> Required work
Repeat exactly the lines of the records below, starting at the line containing "Y es que, por" and ending at the line containing "2025/12/13 12:25 更新". Leave the pictures out.

> Working data
************

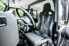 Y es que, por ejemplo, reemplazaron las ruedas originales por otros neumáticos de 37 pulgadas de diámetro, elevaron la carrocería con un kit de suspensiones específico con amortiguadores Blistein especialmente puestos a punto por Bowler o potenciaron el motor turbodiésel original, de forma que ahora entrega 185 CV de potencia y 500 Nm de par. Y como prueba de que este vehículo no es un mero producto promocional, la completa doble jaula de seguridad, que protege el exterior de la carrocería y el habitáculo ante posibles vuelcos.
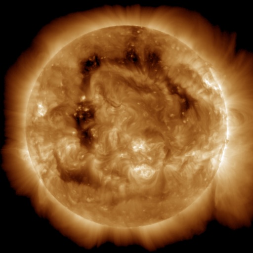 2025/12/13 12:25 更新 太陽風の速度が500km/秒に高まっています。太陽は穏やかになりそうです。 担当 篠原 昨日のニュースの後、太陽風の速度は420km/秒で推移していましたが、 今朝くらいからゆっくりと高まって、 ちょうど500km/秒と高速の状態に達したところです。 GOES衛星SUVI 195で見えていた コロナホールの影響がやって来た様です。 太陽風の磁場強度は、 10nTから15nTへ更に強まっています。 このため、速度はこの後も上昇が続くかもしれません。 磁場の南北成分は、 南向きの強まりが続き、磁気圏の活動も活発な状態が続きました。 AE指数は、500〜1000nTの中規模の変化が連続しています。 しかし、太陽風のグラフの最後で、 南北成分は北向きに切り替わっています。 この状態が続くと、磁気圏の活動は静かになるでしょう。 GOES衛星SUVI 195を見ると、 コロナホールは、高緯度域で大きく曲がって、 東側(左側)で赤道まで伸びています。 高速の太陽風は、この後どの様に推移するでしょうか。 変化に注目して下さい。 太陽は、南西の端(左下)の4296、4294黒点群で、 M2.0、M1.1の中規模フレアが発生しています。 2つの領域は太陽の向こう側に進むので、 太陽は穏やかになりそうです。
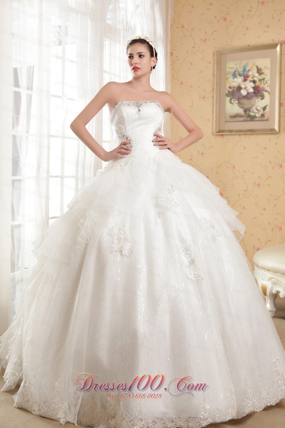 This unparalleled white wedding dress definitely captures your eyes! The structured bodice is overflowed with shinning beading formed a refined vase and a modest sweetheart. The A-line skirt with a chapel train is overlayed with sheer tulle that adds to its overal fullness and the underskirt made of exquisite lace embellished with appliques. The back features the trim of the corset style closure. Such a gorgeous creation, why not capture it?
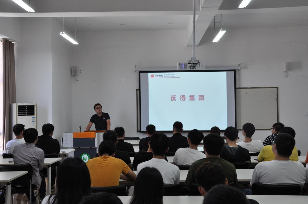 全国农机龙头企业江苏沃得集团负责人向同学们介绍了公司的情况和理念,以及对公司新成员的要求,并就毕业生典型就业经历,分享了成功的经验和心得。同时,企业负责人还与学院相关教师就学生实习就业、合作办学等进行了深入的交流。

************

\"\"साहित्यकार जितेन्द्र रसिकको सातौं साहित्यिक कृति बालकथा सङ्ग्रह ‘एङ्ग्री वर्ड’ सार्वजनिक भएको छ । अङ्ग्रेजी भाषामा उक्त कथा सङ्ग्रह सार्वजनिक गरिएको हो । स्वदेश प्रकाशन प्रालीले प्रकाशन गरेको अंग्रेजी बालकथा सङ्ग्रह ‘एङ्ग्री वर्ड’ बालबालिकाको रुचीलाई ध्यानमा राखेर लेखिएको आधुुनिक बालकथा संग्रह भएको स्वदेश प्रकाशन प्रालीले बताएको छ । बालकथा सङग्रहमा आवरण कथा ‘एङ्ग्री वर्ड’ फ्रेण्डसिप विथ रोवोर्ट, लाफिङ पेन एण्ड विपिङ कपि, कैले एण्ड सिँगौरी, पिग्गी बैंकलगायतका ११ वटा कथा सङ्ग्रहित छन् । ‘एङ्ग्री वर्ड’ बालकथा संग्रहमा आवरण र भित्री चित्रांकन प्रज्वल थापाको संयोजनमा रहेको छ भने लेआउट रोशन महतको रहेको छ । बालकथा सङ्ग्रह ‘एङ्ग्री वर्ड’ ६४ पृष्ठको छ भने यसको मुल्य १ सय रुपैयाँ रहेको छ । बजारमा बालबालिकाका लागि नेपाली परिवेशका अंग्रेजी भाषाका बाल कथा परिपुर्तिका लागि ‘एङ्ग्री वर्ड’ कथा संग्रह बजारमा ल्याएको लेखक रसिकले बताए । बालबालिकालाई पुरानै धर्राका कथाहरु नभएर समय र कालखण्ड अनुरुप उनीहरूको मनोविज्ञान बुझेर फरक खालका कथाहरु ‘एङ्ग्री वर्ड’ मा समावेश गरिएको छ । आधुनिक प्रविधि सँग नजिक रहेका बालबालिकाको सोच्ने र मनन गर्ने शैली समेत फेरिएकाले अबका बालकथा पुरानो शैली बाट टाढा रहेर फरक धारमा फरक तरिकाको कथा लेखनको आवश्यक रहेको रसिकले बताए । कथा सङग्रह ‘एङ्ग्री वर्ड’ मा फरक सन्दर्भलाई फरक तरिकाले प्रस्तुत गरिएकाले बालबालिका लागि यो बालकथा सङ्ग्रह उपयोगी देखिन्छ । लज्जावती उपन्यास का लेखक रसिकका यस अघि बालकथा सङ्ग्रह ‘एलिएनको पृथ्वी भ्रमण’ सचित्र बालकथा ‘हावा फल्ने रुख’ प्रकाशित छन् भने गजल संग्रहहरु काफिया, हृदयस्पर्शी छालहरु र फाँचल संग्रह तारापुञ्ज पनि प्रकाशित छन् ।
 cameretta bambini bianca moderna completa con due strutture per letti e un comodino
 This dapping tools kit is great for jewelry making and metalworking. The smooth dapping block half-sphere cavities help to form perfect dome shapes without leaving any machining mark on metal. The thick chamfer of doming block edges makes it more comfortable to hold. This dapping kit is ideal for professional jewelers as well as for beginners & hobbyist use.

************

> Exercise result
 Y es que, por ejemplo, reemplazaron las ruedas originales por otros neumáticos de 37 pulgadas de diámetro, elevaron la carrocería con un kit de suspensiones específico con amortiguadores Blistein especialmente puestos a punto por Bowler o potenciaron el motor turbodiésel original, de forma que ahora entrega 185 CV de potencia y 500 Nm de par. Y como prueba de que este vehículo no es un mero producto promocional, la completa doble jaula de seguridad, que protege el exterior de la carrocería y el habitáculo ante posibles vuelcos.
 2025/12/13 12:25 更新 太陽風の速度が500km/秒に高まっています。太陽は穏やかになりそうです。 担当 篠原 昨日のニュースの後、太陽風の速度は420km/秒で推移していましたが、 今朝くらいからゆっくりと高まって、 ちょうど500km/秒と高速の状態に達したところです。 GOES衛星SUVI 195で見えていた コロナホールの影響がやって来た様です。 太陽風の磁場強度は、 10nTから15nTへ更に強まっています。 このため、速度はこの後も上昇が続くかもしれません。 磁場の南北成分は、 南向きの強まりが続き、磁気圏の活動も活発な状態が続きました。 AE指数は、500〜1000nTの中規模の変化が連続しています。 しかし、太陽風のグラフの最後で、 南北成分は北向きに切り替わっています。 この状態が続くと、磁気圏の活動は静かになるでしょう。 GOES衛星SUVI 195を見ると、 コロナホールは、高緯度域で大きく曲がって、 東側(左側)で赤道まで伸びています。 高速の太陽風は、この後どの様に推移するでしょうか。 変化に注目して下さい。 太陽は、南西の端(左下)の4296、4294黒点群で、 M2.0、M1.1の中規模フレアが発生しています。 2つの領域は太陽の向こう側に進むので、 太陽は穏やかになりそうです。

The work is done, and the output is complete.